[Excerpts from a dataset]
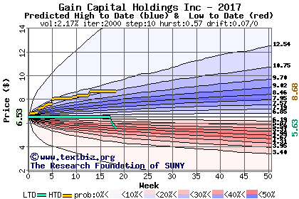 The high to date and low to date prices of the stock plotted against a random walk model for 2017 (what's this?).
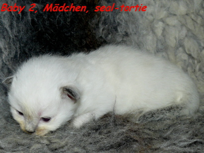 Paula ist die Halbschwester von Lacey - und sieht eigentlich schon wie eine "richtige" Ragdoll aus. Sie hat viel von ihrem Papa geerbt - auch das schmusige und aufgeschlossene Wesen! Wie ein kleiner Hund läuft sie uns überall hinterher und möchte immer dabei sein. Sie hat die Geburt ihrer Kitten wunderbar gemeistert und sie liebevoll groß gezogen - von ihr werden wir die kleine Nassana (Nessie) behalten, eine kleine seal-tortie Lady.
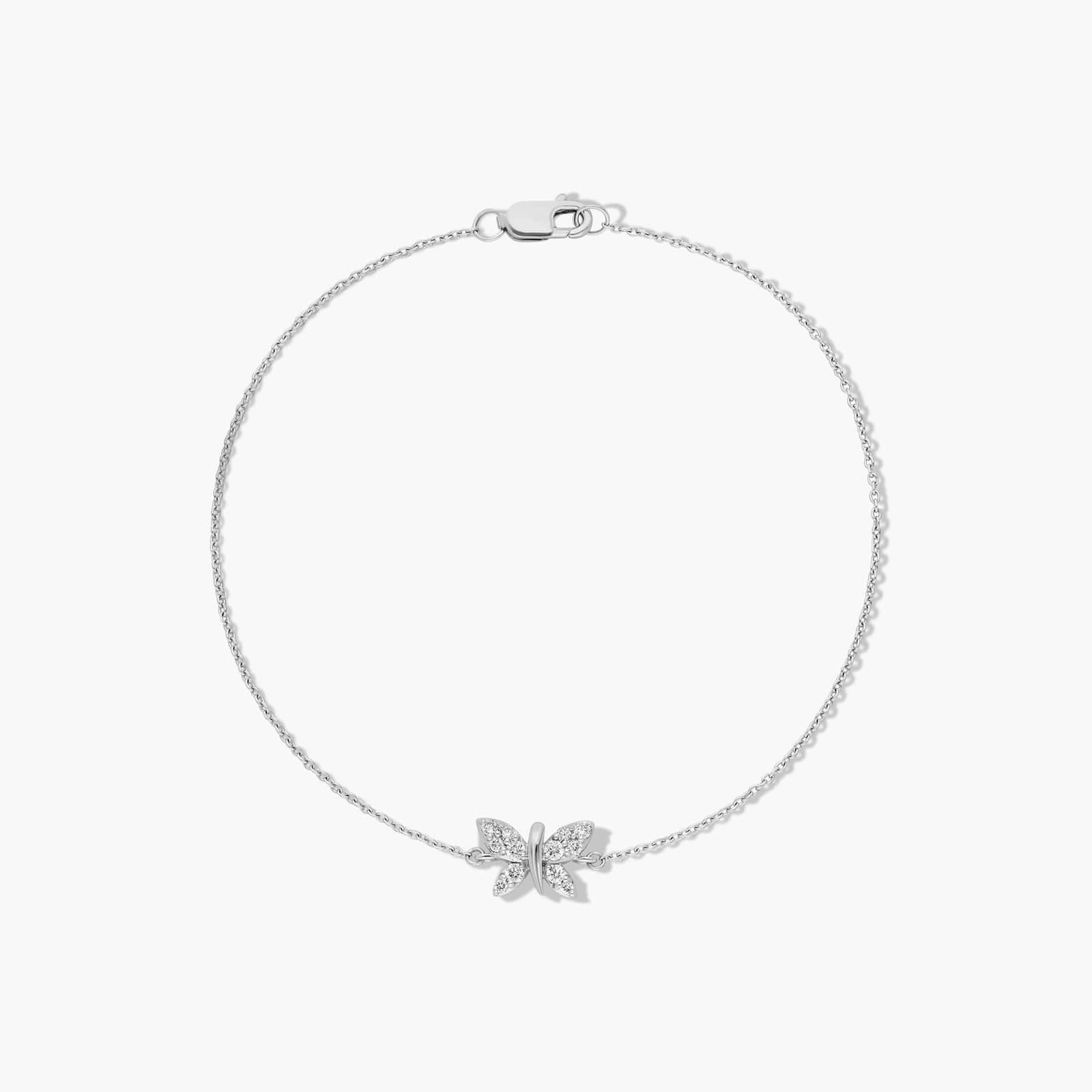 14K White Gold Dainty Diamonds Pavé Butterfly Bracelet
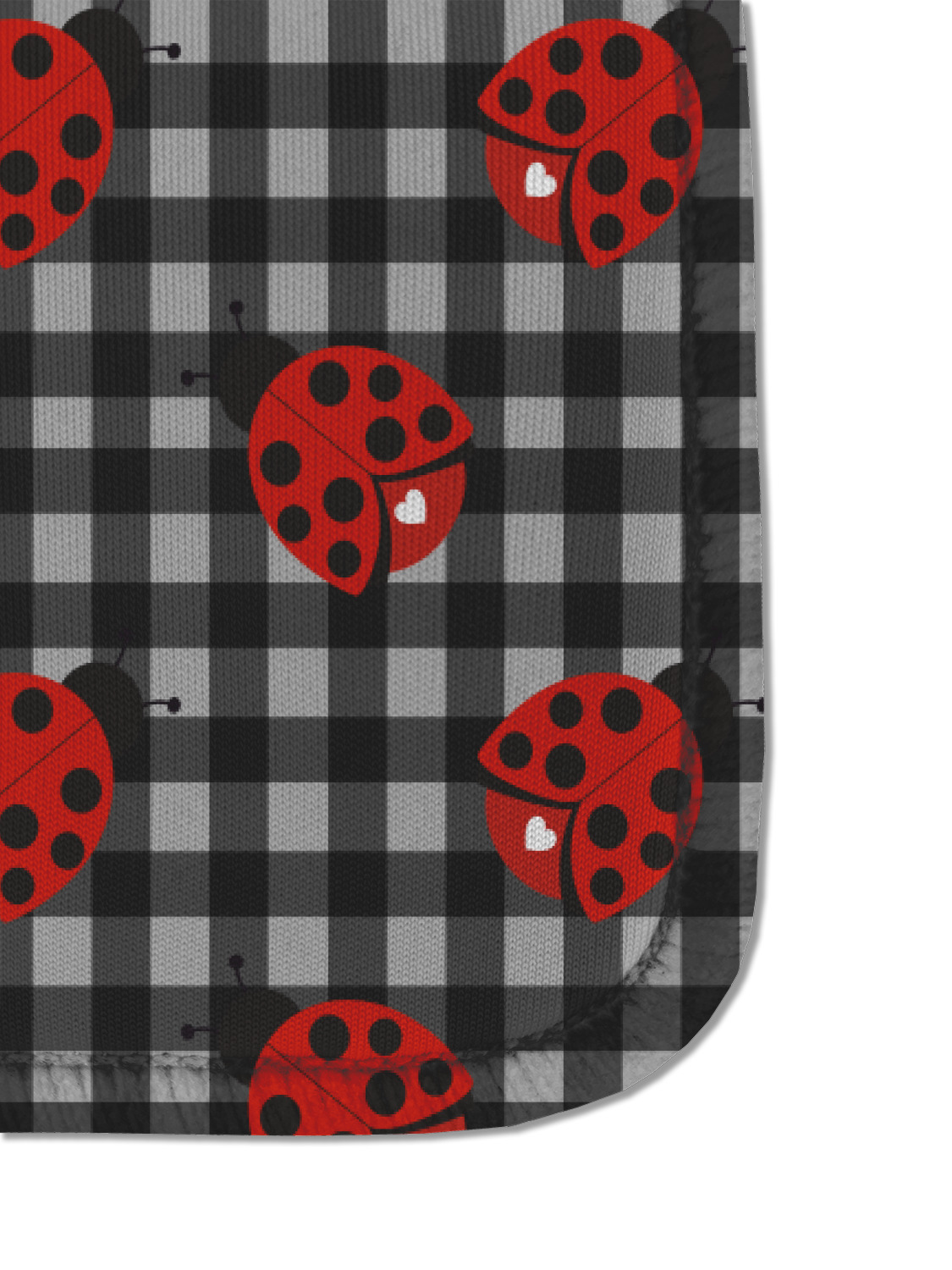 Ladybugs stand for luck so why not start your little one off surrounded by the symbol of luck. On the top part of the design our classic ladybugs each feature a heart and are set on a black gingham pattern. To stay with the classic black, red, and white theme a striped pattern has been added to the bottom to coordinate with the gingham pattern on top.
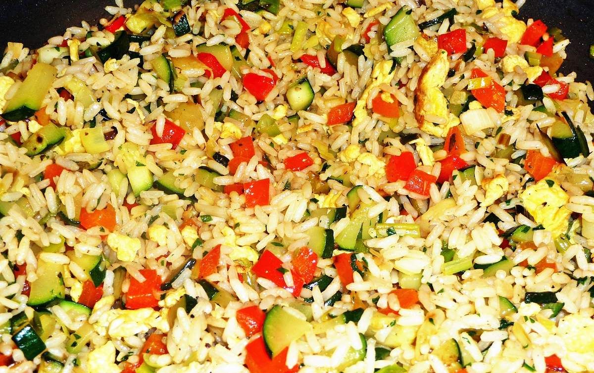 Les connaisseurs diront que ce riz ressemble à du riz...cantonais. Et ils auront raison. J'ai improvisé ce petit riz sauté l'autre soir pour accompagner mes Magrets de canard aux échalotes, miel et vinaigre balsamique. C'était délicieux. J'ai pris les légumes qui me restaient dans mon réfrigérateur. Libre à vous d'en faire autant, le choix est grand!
---
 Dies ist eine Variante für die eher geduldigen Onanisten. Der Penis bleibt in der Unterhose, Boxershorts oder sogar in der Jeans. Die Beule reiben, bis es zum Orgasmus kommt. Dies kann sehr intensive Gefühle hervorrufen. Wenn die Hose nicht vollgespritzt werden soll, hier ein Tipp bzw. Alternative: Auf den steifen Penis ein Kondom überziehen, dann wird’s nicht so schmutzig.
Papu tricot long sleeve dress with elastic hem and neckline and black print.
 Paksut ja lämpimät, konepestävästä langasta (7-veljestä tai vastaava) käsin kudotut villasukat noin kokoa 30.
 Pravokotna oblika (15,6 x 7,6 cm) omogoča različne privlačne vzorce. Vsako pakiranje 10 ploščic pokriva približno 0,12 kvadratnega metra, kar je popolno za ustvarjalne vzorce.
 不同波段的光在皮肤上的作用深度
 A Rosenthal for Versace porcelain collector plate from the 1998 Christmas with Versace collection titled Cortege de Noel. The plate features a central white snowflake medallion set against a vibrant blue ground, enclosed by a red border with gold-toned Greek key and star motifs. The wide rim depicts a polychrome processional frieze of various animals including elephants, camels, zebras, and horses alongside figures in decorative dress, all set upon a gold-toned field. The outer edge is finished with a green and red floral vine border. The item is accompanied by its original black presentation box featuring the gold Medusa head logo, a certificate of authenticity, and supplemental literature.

TASK DIRECTIONS: Starting at the line above that has "The high to" and ending at the line that has "Ladybugs stand for", copy each line exactly, leaving the pictures out and adding nothing.

WORKED SOLUTION:
 The high to date and low to date prices of the stock plotted against a random walk model for 2017 (what's this?).
 Paula ist die Halbschwester von Lacey - und sieht eigentlich schon wie eine "richtige" Ragdoll aus. Sie hat viel von ihrem Papa geerbt - auch das schmusige und aufgeschlossene Wesen! Wie ein kleiner Hund läuft sie uns überall hinterher und möchte immer dabei sein. Sie hat die Geburt ihrer Kitten wunderbar gemeistert und sie liebevoll groß gezogen - von ihr werden wir die kleine Nassana (Nessie) behalten, eine kleine seal-tortie Lady.
 14K White Gold Dainty Diamonds Pavé Butterfly Bracelet
 Ladybugs stand for luck so why not start your little one off surrounded by the symbol of luck. On the top part of the design our classic ladybugs each feature a heart and are set on a black gingham pattern. To stay with the classic black, red, and white theme a striped pattern has been added to the bottom to coordinate with the gingham pattern on top.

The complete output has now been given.